● WHAT THE TASK ASKS: Your answer must be every line of the data below that holds the string "dagen", copied exactly.

● RECORDS FOR THIS TASK:

'''

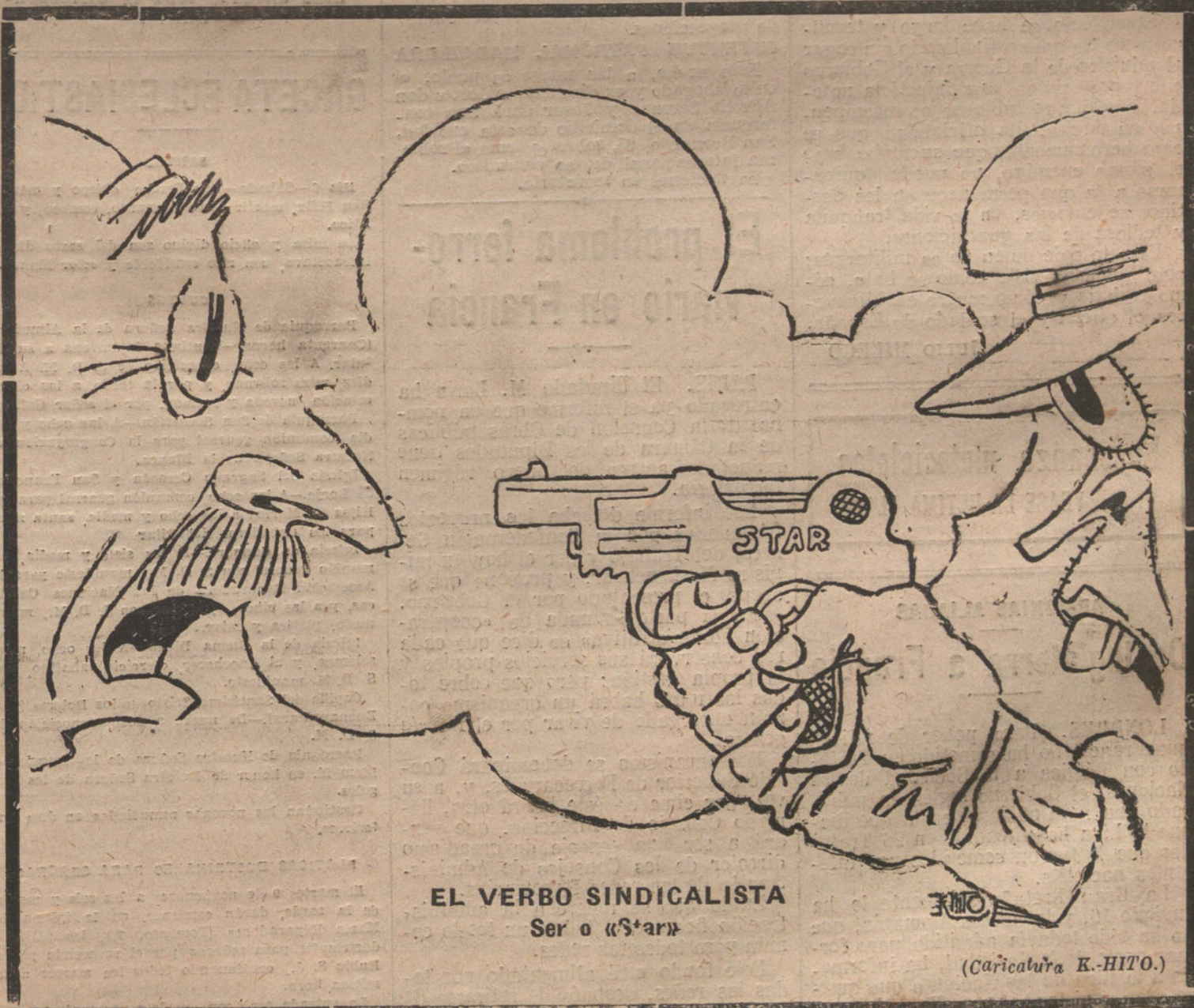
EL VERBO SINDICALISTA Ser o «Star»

'''
'''

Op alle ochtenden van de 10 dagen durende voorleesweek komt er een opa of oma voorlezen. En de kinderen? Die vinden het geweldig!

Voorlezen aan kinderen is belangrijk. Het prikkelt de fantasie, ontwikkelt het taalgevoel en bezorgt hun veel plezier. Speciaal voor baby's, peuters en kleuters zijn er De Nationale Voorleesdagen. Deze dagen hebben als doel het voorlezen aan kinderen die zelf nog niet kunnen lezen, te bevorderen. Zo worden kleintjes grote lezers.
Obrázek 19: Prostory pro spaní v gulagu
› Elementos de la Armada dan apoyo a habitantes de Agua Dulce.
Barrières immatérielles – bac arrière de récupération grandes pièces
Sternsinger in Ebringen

'''
'''

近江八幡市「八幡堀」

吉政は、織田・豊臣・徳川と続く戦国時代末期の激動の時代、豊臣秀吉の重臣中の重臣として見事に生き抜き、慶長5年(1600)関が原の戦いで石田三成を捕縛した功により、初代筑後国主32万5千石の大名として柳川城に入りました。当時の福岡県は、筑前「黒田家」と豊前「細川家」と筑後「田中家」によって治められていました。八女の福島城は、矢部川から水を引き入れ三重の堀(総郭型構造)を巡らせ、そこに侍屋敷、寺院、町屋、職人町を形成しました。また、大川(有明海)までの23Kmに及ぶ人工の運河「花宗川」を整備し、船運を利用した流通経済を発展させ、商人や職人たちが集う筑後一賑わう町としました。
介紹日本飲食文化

'''

● RESULT FOR THIS EXERCISE:
Op alle ochtenden van de 10 dagen durende voorleesweek komt er een opa of oma voorlezen. En de kinderen? Die vinden het geweldig!
Voorlezen aan kinderen is belangrijk. Het prikkelt de fantasie, ontwikkelt het taalgevoel en bezorgt hun veel plezier. Speciaal voor baby's, peuters en kleuters zijn er De Nationale Voorleesdagen. Deze dagen hebben als doel het voorlezen aan kinderen die zelf nog niet kunnen lezen, te bevorderen. Zo worden kleintjes grote lezers.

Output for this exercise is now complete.